關於怎麽給方信鷗解釋陸柔去世的原因,梁矜上想讓商遇城告訴方信鷗是病逝的。


    不能說陸柔是自殺的。


    方信鷗一入獄,妻子就自殺了,那絕對會增加他的負罪感。


    但商遇城不同意。


    “你可以選擇隱瞞部分真相,但不能完全捏造。你父親總有出獄的時候,你瞞不住的。”隱瞞部分真相,隻說陸柔自殺,是為了給方信鷗一個緩衝。


    待來日真相大白的時候,可以減輕他的痛苦。


    但如果今天捏造出了謊言,將來方信鷗知道真相,還是要遭受“愛妻背叛+自殺”的雙重打擊。


    “可我不知道該怎麽說自殺的事……”梁矜上抱著腿,尖削的下巴擱在膝蓋上,“商遇城,你知道我有個同父異母的妹妹,對吧?”


    那次她在清赤山寫的遺書被商遇城撿走了,那其中就提到了“阿棄”。


    商遇城:“嗯。”


    “我那時候很恨我的媽媽,恨她耐不住寂寞,恨她是個壞女人,這麽快就背叛了爸爸。”很多話,梁矜上在心裏壓了很多年。


    今天,她亟需找一個出口。


    可是自從跟南意決裂後,她已經找不到一個可以傾訴過去遭遇的人。


    隻有商遇城,那次在醫院天台,她想把宮雪苑推下去之際,商遇城叫出了“方家寶”的名字。


    她就知道,他調查過自己。


    幸好還有他可以傾訴。


    梁矜上的聲音很低,“我那時候天天找事跟她吵架,惹她生氣。在她自殺前一天,我還在跟她冷戰。也許媽媽是對我心灰意冷,才選擇帶著妹妹一起去死的。現在回想起來,不管她是不是背叛了爸爸,至少她對我來說是個好媽媽。我卻不是她的好女兒。商遇城,你沒見過我媽媽,她真的是一個很善良很溫柔的人。”


    商遇城依然淡淡地“嗯”了一聲。


    梁矜上抬起眼睫,看她表情,顯然是不滿於商遇城的敷衍。


    商遇城無奈地扯了扯嘴角,“你想我說什麽,說你媽媽的確是很好的人,而你不是個好女兒?”


    這話落在梁矜上耳朵裏,一點不誠懇。


    她頓時意興闌珊,“算了,你什麽都不知道。”


    他是商遇城,他怎麽可能對這些“家長裏短傷春悲秋”的話題感興趣。


    ……


    梁矜上輾轉了一夜,第二天記掛著要去醫院看方信鷗,很早就起來了。


    商遇城陪她一起。


    到了樓下,梁矜上又看到那輛眼熟的q7。


    袁熙的車。


    她停住腳步,抬頭看商遇城,“你不是要跟我一起去醫院嗎?”


    難道還要跟袁熙先去公司?


    商遇城淡淡道:“嗯。
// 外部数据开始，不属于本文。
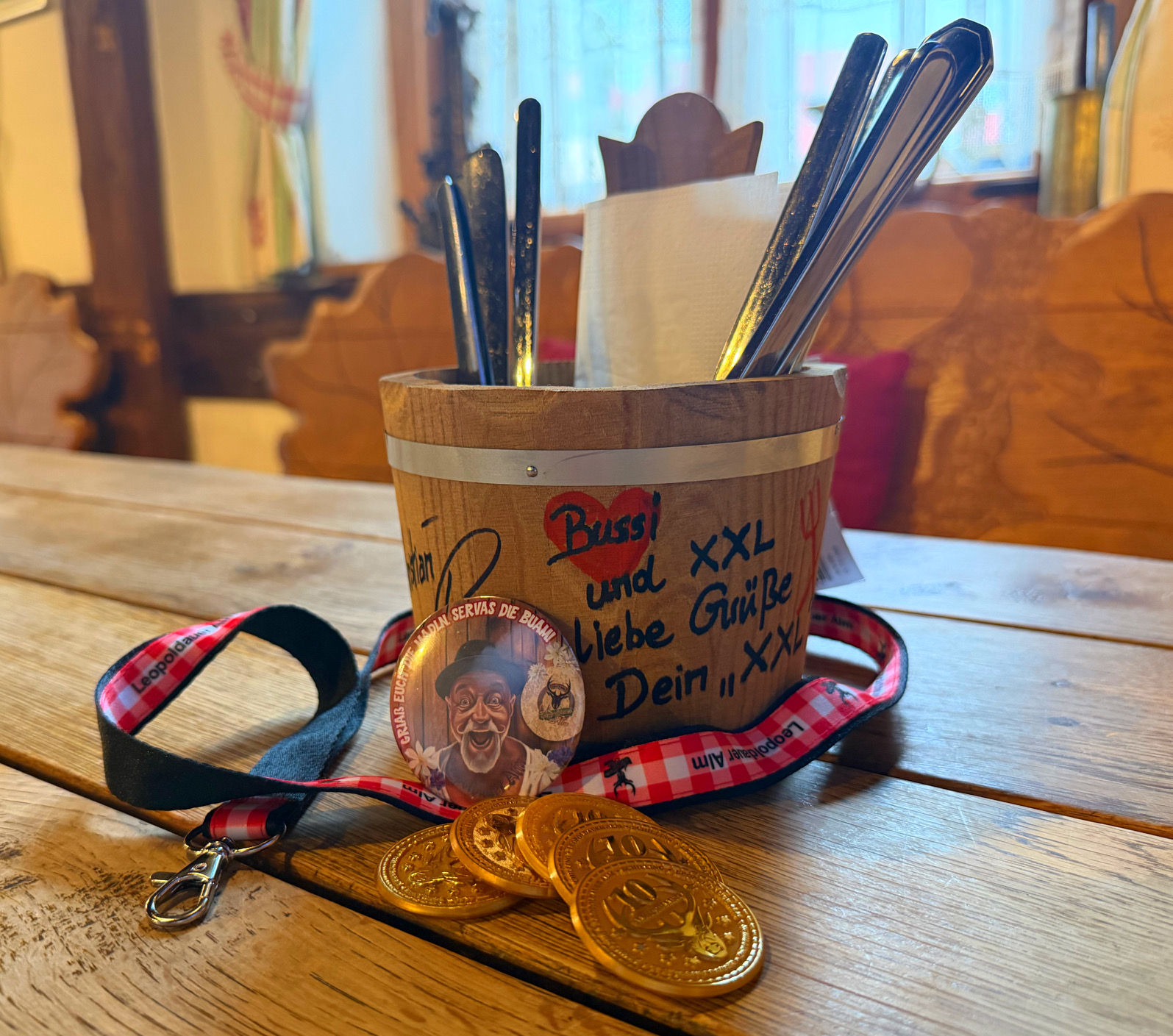 с личным пожеланием от хозяина XXL, брелоком, магнитом на холодильник и сертификатом на 50 € от XXL Leopoldauer Alm

袁熙跟我們一塊兒去。”


    “她去做什麽?”


    梁矜上說完這句話,自己先想起來,商遇城說過袁熙是方信鷗的學生。


    可方信鷗現在是服刑中的罪犯,這次更是被卷進惡性鬥毆。


    他怎麽會希望這狼狽的一麵被曾經的學生看到?!


    “我爸爸不是普通的生病住院。她現在去探視,不是去看笑話添亂嗎?”


    商遇城摟著她的肩往車邊走,“沒這麽嚴重,袁熙一向敬重你父親。”


    “商遇城,不要!”梁矜上皺起眉頭,嚴詞拒絕。


    袁熙遲遲等不到他們上車,按下了車窗,將墨鏡一推。


    “商總、這邊不能停車……”袁熙是個人精,一看梁矜上表情就知道,症結在她身上。


    便又將目光投向梁矜上,“小梁,我們也有很久沒見了,有話上車說?”


    梁矜上沒動。


    卻被商遇城推著後心,上了車。


    這讓原本就心情低落的梁矜上更添一層陰翳。


    他和袁熙什麽都商量好了,都沒有提前知會一聲。


    梁矜上從上車開始沉默。


    但車內的氣氛並不壓抑。


    袁熙是調節氣氛的一把好手。


    她一邊開車,一邊跟商遇城討論工作,倒是更讓梁矜上有一種被排除在外的滋味。


    到了方信鷗的病房外,原本按梁矜上的想法,商遇城進去談陸柔的事,她自己躲在病房外當鴕鳥。


    可沒想到多了個袁熙。


    她見商遇城和袁熙很自然地要一道進去,終於忍不住了,從背後一把拽住商遇城。


    眼含不滿,定定地看著他。


    商遇城不以為忤,對身後道:“袁熙你先進去打聲招呼。我等下進來。”


    不等梁矜上發作,商遇城拉著她去了露台。


    “矜矜,人家好心來看你爸爸的,你這態度是不是有失風度了?”


    梁矜上抬高了聲音,“商遇城,我爸爸從前風光,現在落魄,你怎麽忍心讓他在這個時候在外人麵前丟臉?!”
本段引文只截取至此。